Kendati demikian, laporan itu ditolak polisi. Kurnia pun mengaku kecewa.
"Dengan tidak diterbitkannya laporan polisi atas laporan kami, kami mempertanyakan asas persamaan kedudukan di hadapan hukum (equality before the law) apakah masih ada di republik ini," ujar dia.
Mengutip Warta Kota, Denny Siregar dan Tirta Mandira Hudhi alias dokter Tirta kompak tidak sependapat dengan pelaporan terhadap kerumunan saat kunjungan Presiden Jokowi di NTT.
Denny Siregar menyebut, pelaporan tersebut sudah pasti ditolak oleh kepolisian lantaran lemah secara hukum.
Ia menyebut, kerumunan yang dimaksud adalah 'sambutan cinta' dari warga untuk Presiden Jokowi.
"Sebenarnya mereka tau, melaporkan @jokowi dalam tugasnya sebagai kepala negara yang berkunjung ke NTT dan disambut dengan cinta oleh warganya itu, lemah secara hukum.
Tapi seperti yang sudah-sudah, mereka suka banget onani, memuaskan pikiran mereka sendiri. Gak lecet apa??" tulis Denny Siregar di akun Twitternya, Kamis (25/2/2021).
Dokter Tirta yang menyaut cuitan itu,menyebut pelapor presiden Jokowi cuma untuk panjat sosial alias pansos.

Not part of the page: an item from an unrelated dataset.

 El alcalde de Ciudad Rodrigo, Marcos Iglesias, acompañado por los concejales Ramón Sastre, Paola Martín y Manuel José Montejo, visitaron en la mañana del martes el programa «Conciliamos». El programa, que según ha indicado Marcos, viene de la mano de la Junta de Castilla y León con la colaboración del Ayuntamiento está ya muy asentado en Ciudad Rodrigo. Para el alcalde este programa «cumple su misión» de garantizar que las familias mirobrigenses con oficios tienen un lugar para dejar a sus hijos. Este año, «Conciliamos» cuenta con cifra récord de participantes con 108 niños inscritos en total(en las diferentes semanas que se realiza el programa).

"Ya namanya juga pansos bang. Riding the wave. Siape tau viral kan," tulis dokter Tirta.
Sebelumnya, dalam video yang beredar luas di berbagai kanal media sosial itu, dokter Tirta mengatakan dirinya ditanya soal komentar terhadap kerumunan saat Jokowi tiba di Maumere tersebut
"Jadi gini, Pak Presiden Joko Widodo itu sejatinya simbol negara yang kemanapun beliau pergi akan selalu menarik massa," katanya.
Dokter Tirta menyebut, kerumunan di NTT terjadi sebagai bentuk antusiasme warga terhadap sosok Presiden Jokowi.

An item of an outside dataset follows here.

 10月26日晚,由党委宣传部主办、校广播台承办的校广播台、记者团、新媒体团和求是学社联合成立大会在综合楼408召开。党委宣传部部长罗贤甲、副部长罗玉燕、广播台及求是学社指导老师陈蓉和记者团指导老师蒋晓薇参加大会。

Menurutnya, penerapan sanksi kerumunan tak relevan diterapkan pada kasus ini.
"Pak presiden sudah edukasi dan apresiasi, agar tetap memakai masker, karena terlalu banyak (massa) sampai nggak bisa membubarkan. Di salah satu video pun sedan beliau dikerumuni banyak orang," ujar dokter Tirta dalam videonya.

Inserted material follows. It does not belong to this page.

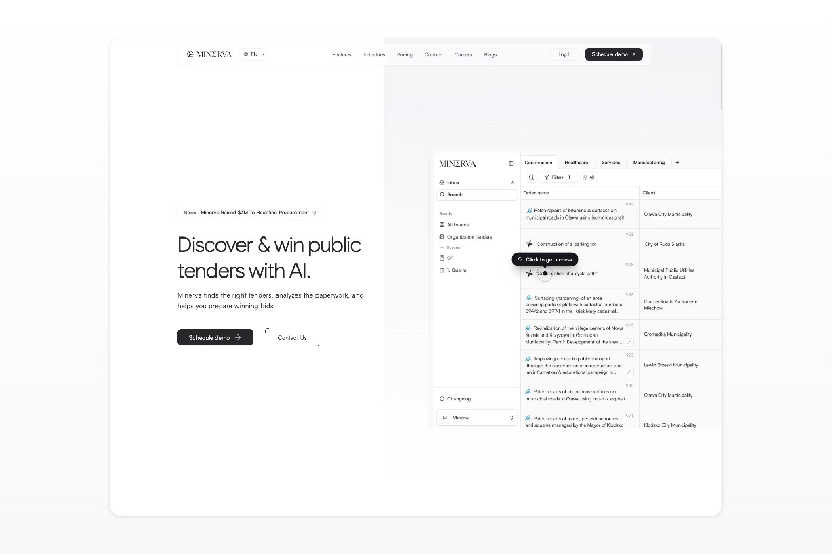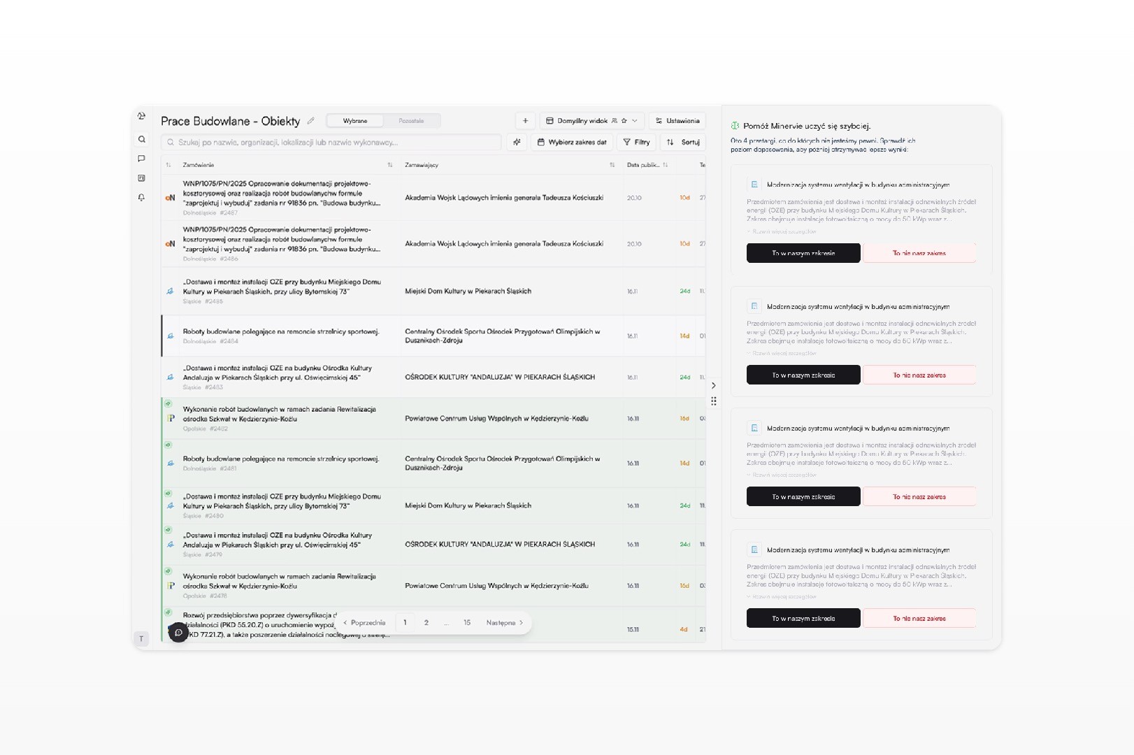 A redesigned product experience focused on helping Minerva learn more naturally and generate more accurate tender matches over time.

"Pak Presiden nggak pernah ajak mereka datang. Tapi ini evaluasi dan refleksi bagi tim protokoler agar hati-hati atur agenda bapak presiden di lapangan," lanjutnya.
"Penerapan sanksi kerumunan nggak relevan diterapkan," imbuh Tirta
Pernyataan itu sempat dikecam warganet lantaran ia dinilai berat sebelah oleh sebagian netizen yang mencoba membandingkan kasus kerumunan di Maumere dengan kerumunan yang menjerat Rizieq Shihab beberapa waktu lalu.
Apalagi, selama ini dokter Tirta dikenal tegas dan keras ketika berkomentar soal adanya kerumunan.